RECORD SET.
==============================

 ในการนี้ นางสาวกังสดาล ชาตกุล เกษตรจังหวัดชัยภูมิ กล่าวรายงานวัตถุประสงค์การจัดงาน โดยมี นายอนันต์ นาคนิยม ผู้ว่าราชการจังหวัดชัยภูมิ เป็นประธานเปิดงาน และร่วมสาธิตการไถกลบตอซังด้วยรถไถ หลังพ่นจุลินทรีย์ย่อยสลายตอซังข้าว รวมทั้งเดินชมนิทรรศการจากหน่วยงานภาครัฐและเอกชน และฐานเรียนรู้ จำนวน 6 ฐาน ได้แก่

==============================

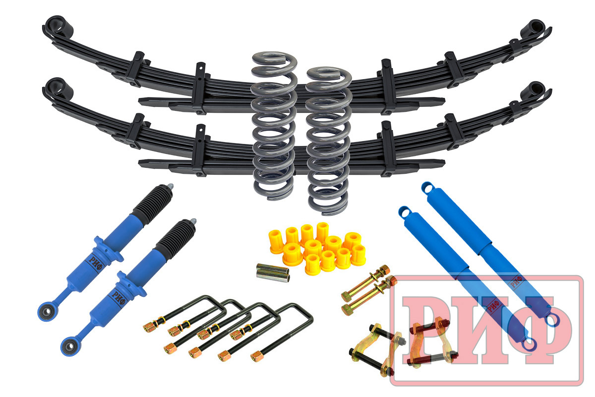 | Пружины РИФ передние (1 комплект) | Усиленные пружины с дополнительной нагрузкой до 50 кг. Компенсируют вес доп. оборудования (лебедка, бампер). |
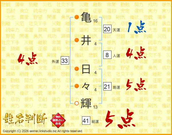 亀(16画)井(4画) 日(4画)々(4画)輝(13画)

==============================

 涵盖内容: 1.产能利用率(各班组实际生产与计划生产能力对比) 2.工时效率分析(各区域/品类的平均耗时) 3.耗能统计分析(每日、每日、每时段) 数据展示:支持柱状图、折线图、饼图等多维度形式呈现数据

==============================

Repeat exactly the lines above, from the line that contains "(лебедка, бампер). |" down through the line that contains "亀(16画)井(4画) 日(4画)々(4画)輝(13画)". Include both of those lines and none of the pictures.

 | Пружины РИФ передние (1 комплект) | Усиленные пружины с дополнительной нагрузкой до 50 кг. Компенсируют вес доп. оборудования (лебедка, бампер). |
 亀(16画)井(4画) 日(4画)々(4画)輝(13画)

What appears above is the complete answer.